How important is it to think over the architecture initially, and how to follow it in the future, developing the project, but without taking it to the side of monstrosity and cachylation? :)
We did not have architecture initially - only vague goals, what we want to achieve. At the first steps it was not even clear that the project would work and be able to cope with a load of tens of millions of packages — a second! It was a lot and at the beginning we couldn’t work even 120,000 packets per second!
Therefore, as I said earlier, it is worth stopping from time to time and thinking about the possibilities of dividing the system into modules.
How important is documentation and testing.
As many like to say, for an open source project, the best documentation is the code. I fundamentally disagree, because in the entire history of the project, only a few have carefully understood the code and answered their questions in this way.
But always the lack of documentation can be replaced by a responsive community and a quick developer reaction. We can boast of both! Often questions are solved long before I get to a given ticket - some community member decided to answer and helped solve the problem without the participation of the developers at all :)
Regarding testing - in my opinion, you need to keep a balance. Covering tests with obvious things is completely pointless, it is a waste of time that you can spend profitably. But if the complexity of a system is very high or the danger of failure is high when interacting with external systems, tests are absolutely necessary.

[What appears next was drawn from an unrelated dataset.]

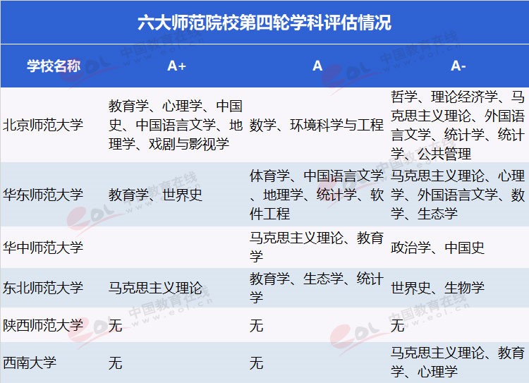 在教育部第四輪的學科評估中,北京師范大學共有15個學科進入A類,其中A+學科有6個;華東師范大學有12個學科進入A類;陜西師范大學沒有學科進入A類,與其他五所院校存有一定差距。

Any social aspects of open-source development: wrong PR, stupid questions and mistakes
We have a cool social aspect that we often ask for the help of our users so that a particular vendor can solve their problems.
The model of the work of many network equipment vendors on fixing bugs is such that an external company without a contract / equipment in use simply does not have the opportunity to get a bug to fix it.
As a result, we get dozens of bugs "FastNetMon does not work with the device XXX vendor YYY", at first we apologized that the vendor had a problem and could not do anything.
Now - we help to investigate and isolate the problem in as much detail as possible and after that we ask the client on his own behalf to create a request for fixing the bug - and it helps! Very many people go forward and thus solve the problem of very many users of the same vendor!